今後の矯正歯科学の指南書! 矯正×インプラントの臨床を徹底解説! オルソインプラントセラピー

丹野 努・著 クインテッセンス出版 問合先 03-5842-2272(営業部) 定価 19,800円(本体18,000円+税10%)・300頁 評 者 綿引淳一 (東京都・東京日本橋AQUA歯科・矯正歯科包括CLINIC) 『オルソインプラントセラピー』の著者の丹野先生と評者との出会いは、10年以上前になる。彼は評者にとって、矯正治療の可能性に挑戦し切磋琢磨してきた友人である。そんな彼の努力を間近で見てきた者としては、本書の出版は本当に感慨深いものがある。本書は、インプラント治療にいかにして矯正治療を取り入れていけばいいのかを中心に詳細に書かれている。 第1章では、インプラント治療の基本が書かれている。とくに印象深いのは、アライナー矯正治療やGBRを例にした低侵襲治療に対する彼の考え方や、医療の本質は治療結果の向上であり簡素化ではないと記述しているところである。そして、術者本位のMI治療に警鐘を鳴らしており、評者も大いに共感できる。 第2章では、矯正治療における基本的な考え方が書かれている。ともすれば、矯正治療はセファロ分析の数字合わせに奔走し、何を目的に治療しているのかを見失ってしまいがちであるが、本章では矯正診断の真の意味をわかりやすく書かれている。 第3章では、修復・補綴治療における矯正治療の有効性が記載されている。

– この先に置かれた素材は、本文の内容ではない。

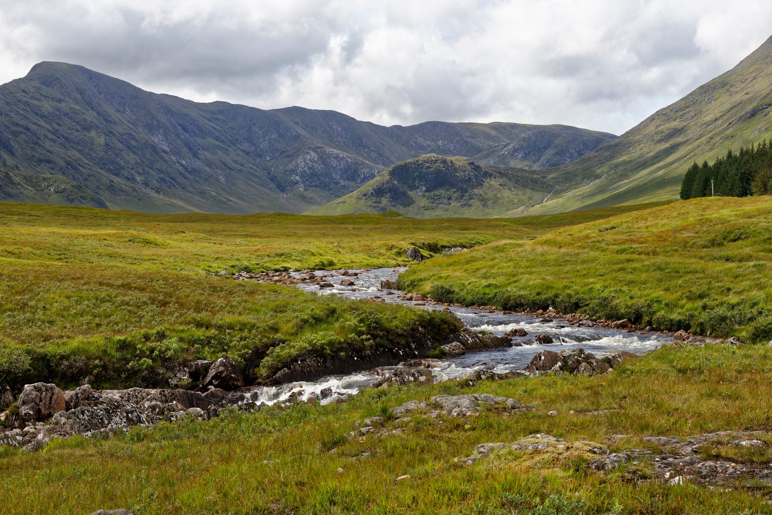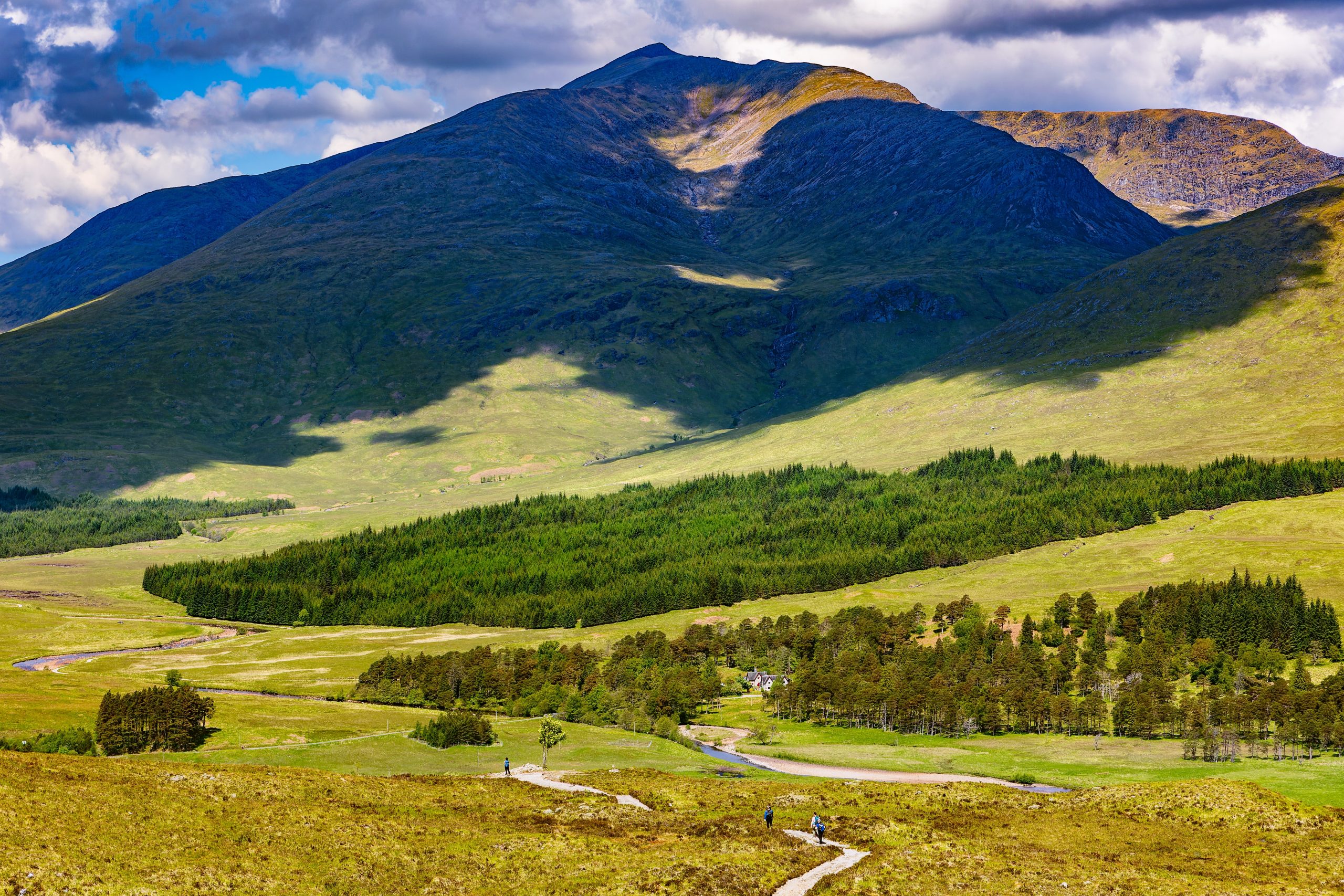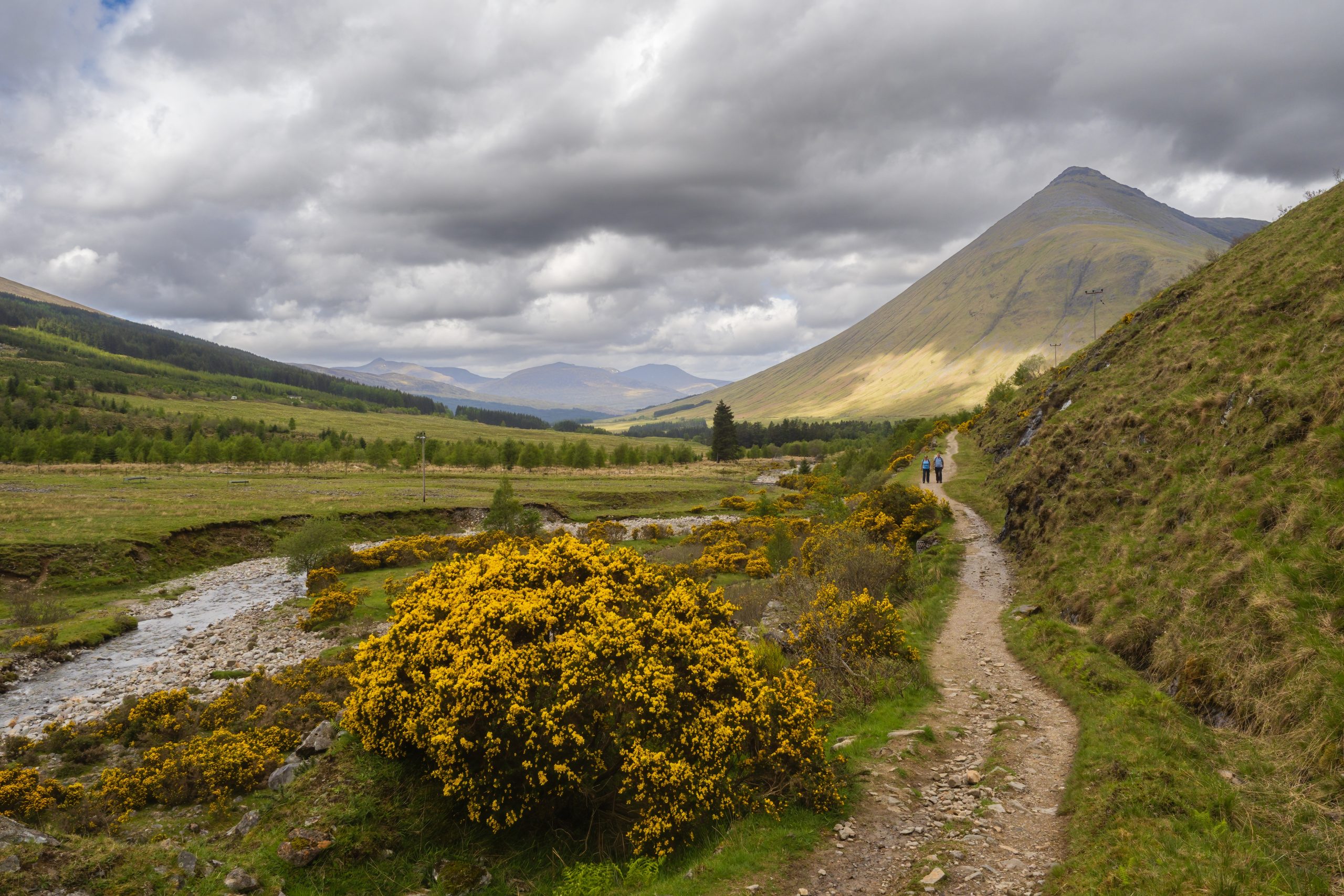 Esta es una etapa más corta y fácil; se mantiene en el fondo del valle tras la subida inicial desde Tyndrum, junto con la carretera y el ferrocarril, para llegar al Puente de Orchy, con magníficas vistas de las escarpadas montañas cubiertas de hierba a lo largo del camino. Desde allí, la ruta asciende por el bosque para cruzar una cresta baja antes de descender al solitario hotel de Inveroran.
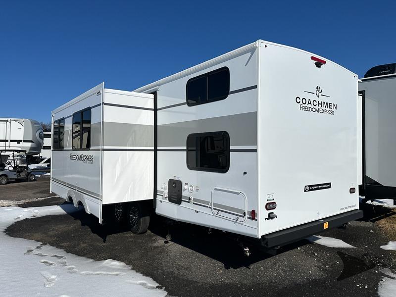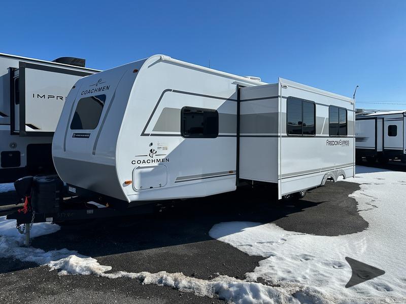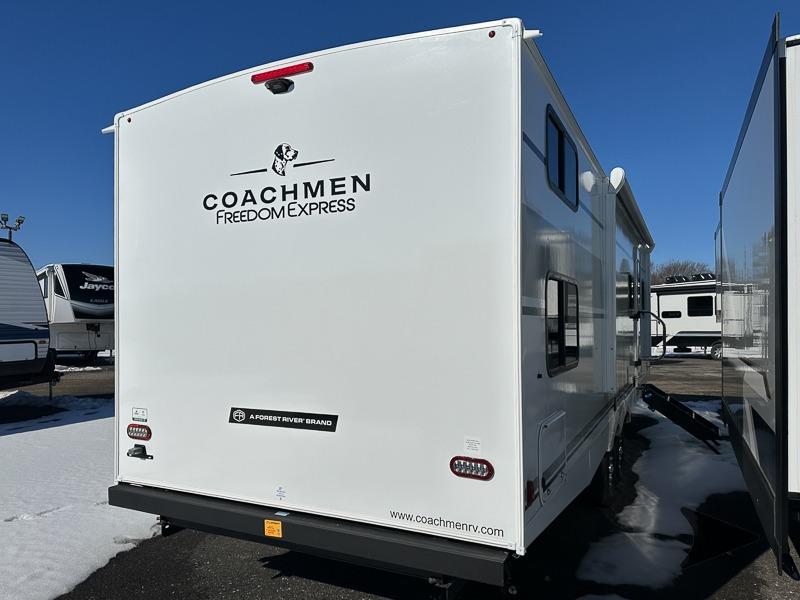 Coachmen Freedom Express Select travel trailer 29SE highlights: U-Shaped Dinette, Exterior Storage, Full Bath, Underbed Storage. Whole-family fun is waiting for you in this spacious travel trailer. The kids or your guests will love the private bunkhouse with four bunks, plus a wardrobe with a countertop to keep their things. You will enjoy the front private bedroom with a walk-around queen bed and dual wardrobes, and if you have any other guests, they can sleep on the sofa or U-shaped dinette within the large slide out. The kitchen includes everything needed to prepare meals each day, including a microwave, a dual-burner cooktop, and a double door refrigerator. This model also includes a pass-through storage, plus additional exterior storage to bring along hiking gear, fishing poles, and camp chairs! With any Freedom Express Select travel trailer by Coachmen you will find an alumicage construction and two-step vacuum bonded and pinch rolled sidewalls with Azdel interior and exterior for a trailer made to last. These Select value models come standard with a Bluetooth interior speaker, night shades, and wear-resistant vinyl flooring throughout. You will appreciate the power tongue jack, as well as the Dicor Tufflex PVC roof and heated and enclosed underbelly to help with protection and climate control. A GE 15K BTU roof A/C will keep you comfortable, and the suburban tankless water heater will provide endless hot showers!
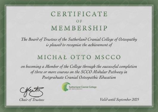 Dyplomowany Osteopata (D.O.), magister fizjoterapii, członek Sutherland Cranial College of Osteopathy (MSCCO). Ukończył 4-letni cykl szkoleniowy w Still Academy of Osteopathy oraz osteopatyczne studia podyplomowe BSW (Dyplomy przyznane na podstawie pozytywnego wyniku egzaminu praktycznego i teoretycznego oraz obronionej pracy dyplomowej). Absolwent studiów licencjackich i magisterskich Warszawskiego Uniwersytetu Medycznego kierunku Fizjoterapia. Obecnie kontynuuje edukację w Anglii w Sutherland Cranial College of Osteopathy. Postępowanie wedle filozofii medycyny osteopatycznej zakłada dążenie do zrozumienia mechanizmów prowadzących do występowania dolegliwości i wprowadzenie leczenia ukierunkowanego na przyczynę, nie objaw. W warunkach, gdy oddziaływanie przyczynowe nie jest możliwe, terapia ma na celu jak najlepsze wsparcie naturalnych procesów leczniczych organizmu. To podejście umożliwia pomoc pacjentom znajdującym się w blisko każdym stanie zdrowotnym.
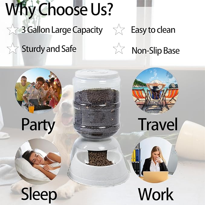 - 【Large Capacity Automatic Dog Feeder】: This gravity dog food dispenser has an upgraded capacity of 3 gallons and is specifically designed for large dogs. It can fill enough food for a large pet to last 6-15 days, providing continuous food supply for them throughout the day. Its large capacity allows for the storage of a large amount of food, reducing the need for frequent refills. It is more suitable for large pets and long-term travelers.
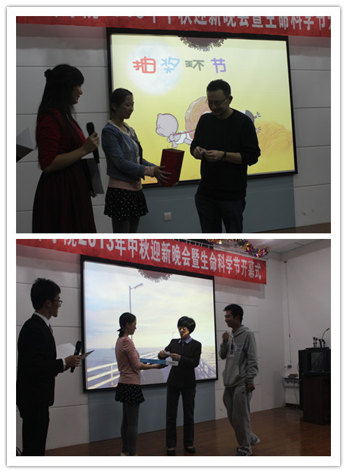 节目中间还穿插着游戏和抽奖环节,场下老师和同学积极参与到游戏环节中。最后,全场齐唱《为生命喝彩》,晚会在歌声中结束,2013年生命科学节正式启动。
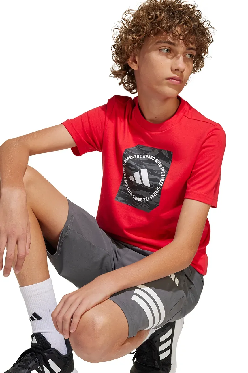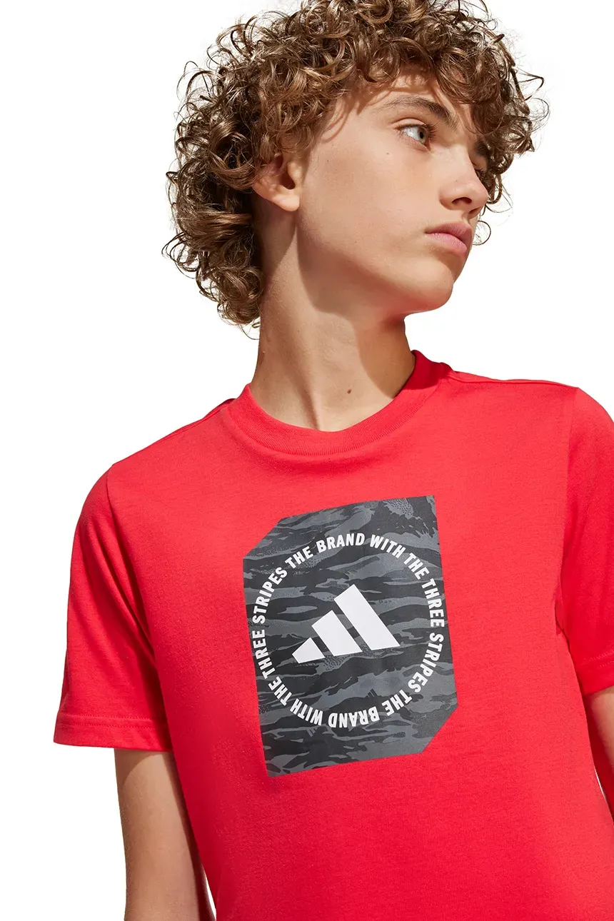 adidas t-shirt in cotone per bambini adidas per bambini T-shirt realizzata in maglia con stampa. Il modello realizzato in un tessuto di cotone estremamente confortevole. – Taglio dritto che consente libertà di movimento.– Un classico girocollo rotondo.– Tessuto elasticizzato a maglia fine. Codice del fabbricante: JM8233

現代の矯正治療においては、患者のもつ歯冠形態を生かした矯正治療によっていかにしてまとめるかということに注視しがちである。しかしながら、歯冠形態自体に問題のあるケースは想像以上に多い。矯正治療の本来の目的の一つがQOLの向上つまり不正咬合を改善し、審美性を向上することにあるのであれば、彼が本章で示した治療オプションに関して、矯正専門医にもぜひ読んでもらいたい。 第4章は歯周治療と矯正治療について述べている。不正咬合は歯周病のリスクファクターの一つであり、同様に矯正治療自体もまたリスクになりうる。本章では、歯周再生療法においてもトップレベルの臨床医である著者が高度なテクニックを余すことなく示している。 第5、6章は、インプラント治療と矯正治療についてである。本章は著者がもっとも力を入れて取り組んでいた内容であり、第6章の矯正的組織造成法は、多くの読者にとっても必見の内容である。 矯正治療は専門医を中心に提供してきたワイヤー矯正の時代から、GPも巻き込んだアライナー矯正の時代へと変化してきた。また、対象は小児から中高年まで広がっており、矯正単独の治療では十分に対応できなくなってきている。そんな現代においては、包括的歯科治療の中に矯正治療を取り組むことの重要性が高まっている。 今後の歯科治療は、予防、矯正、審美といわれて久しい。本分野は、今後の歯科の可能性を切り開く分野であり、矯正歯科学の進むべき道で王道であると考えられる。本書の出版は、新しい矯正時代の幕開けであり、GPはもちろん、すべての矯正専門医にとって必読書であると強く推薦したい。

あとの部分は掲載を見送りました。